What commercial strategies and patient access programs has Crinetics put in place to support Palsonify’s U.S. launch?

Crinetics expects Palsonify to become available in the U.S. market in early October 2025. To support adoption, the company has launched CrinetiCARE, a patient services program that includes financial assistance, benefit verification, educational resources, and direct support from nurse educators. This comprehensive framework is designed to ensure that patients can navigate reimbursement, manage treatment onboarding, and maintain adherence.

By prioritizing payer engagement and access, Crinetics is signaling its commitment to rapid market penetration. Industry experts highlight that rare disease therapies often face high costs, but programs like CrinetiCARE can mitigate barriers, ultimately driving broader adoption. Advocacy organizations have welcomed these initiatives, calling them critical in ensuring equity and affordability in acromegaly treatment.

How will global regulatory pathways and new indications shape the growth potential of Palsonify in the next two years?

While U.S. commercialization is the immediate priority, Crinetics is pursuing international expansion. A Marketing Authorization Application for paltusotine is currently under review with the European Medicines Agency, with a regulatory opinion expected in the first half of 2026. In Japan, Crinetics is collaborating with Sanwa Kagaku Kenkyuso (SKK) to develop and commercialize the drug locally.

Beyond acromegaly, Crinetics is exploring Palsonify’s potential in carcinoid syndrome, a debilitating condition associated with neuroendocrine tumors. The Phase 3 CAREFNDR trial is underway with global enrollment expected through 2025. If successful, this second indication could further expand Palsonify’s revenue base and solidify Crinetics’ position in endocrine-related oncology.
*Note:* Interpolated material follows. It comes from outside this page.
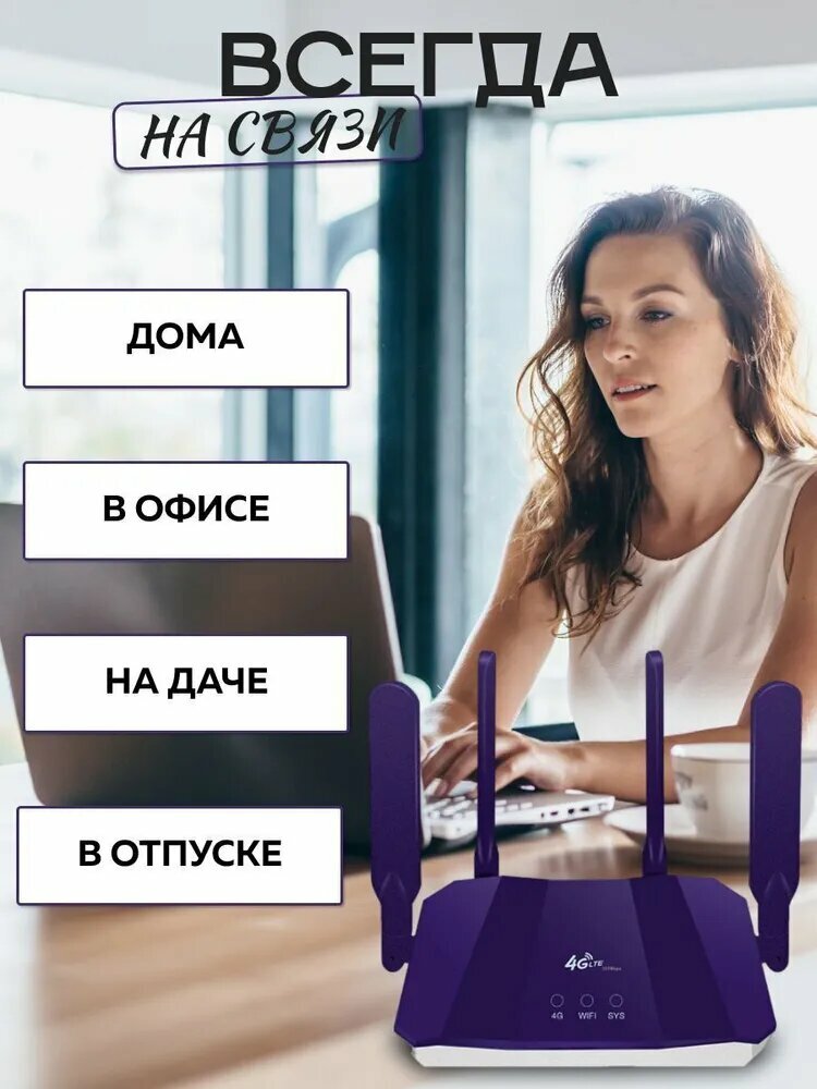 Роутер WI-FI с сим картой, 4G, Скорость - 300 Мбит/сек, Цвет - Фиолетовый интересное:

How does the approval of Palsonify validate Crinetics’ broader research pipeline and long-term business model?

The FDA decision also strengthens confidence in Crinetics’ broader research pipeline. The San Diego-based drugmaker specializes in developing small-molecule therapies targeting G-protein coupled receptors, with multiple candidates in late-stage development. Chief among these is atumelnant, which is being studied for congenital adrenal hyperplasia and ACTH-dependent Cushing’s syndrome.
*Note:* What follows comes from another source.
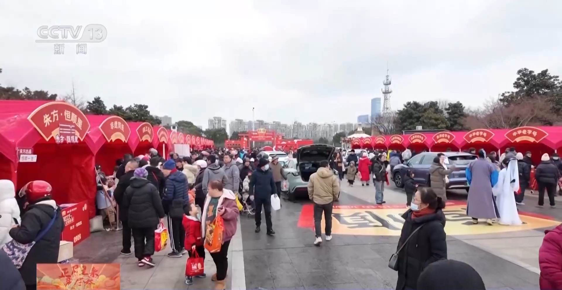 总台央视记者赵雨彤:镇江有句老话,不打酱油不过年。我就在镇江打酱油年俗大集的现场。虽然昨晚下了雪,但大家的热情依然不减,早早地就来排队了。

Institutional sentiment suggests that success with Palsonify reduces perceived risk across the pipeline, as it validates the company’s discovery approach and regulatory capabilities. Analysts believe that Crinetics is now better positioned to attract capital, secure partnerships, and negotiate favorable licensing terms. For investors, the stock’s momentum underscores a shift in perception from high-risk development stage biotech to a maturing commercial company with a robust future.

What does the FDA approval of Palsonify mean for Crinetics’ ambition to emerge as a global leader in endocrine therapeutics over the next decade?

The FDA approval of Palsonify represents more than just a milestone for Crinetics. It marks the first true innovation in acromegaly treatment in decades and directly addresses patient frustrations with injectable therapies. For those living with the disease, it offers new hope for consistent control and improved quality of life. For Crinetics, it is the start of a commercial era that could redefine its role in global endocrine medicine.

Investor sentiment, reflected in a 28 percent share price surge, highlights the degree of market confidence in both the drug’s potential and the company’s execution capabilities. With additional regulatory filings in Europe and Japan and ongoing development for carcinoid syndrome, Palsonify could become the foundation of a multi-indication franchise. Crinetics’ broader pipeline further reinforces the outlook that the company is positioned not just as a niche biotech, but as a rising leader in endocrine therapeutics worldwide.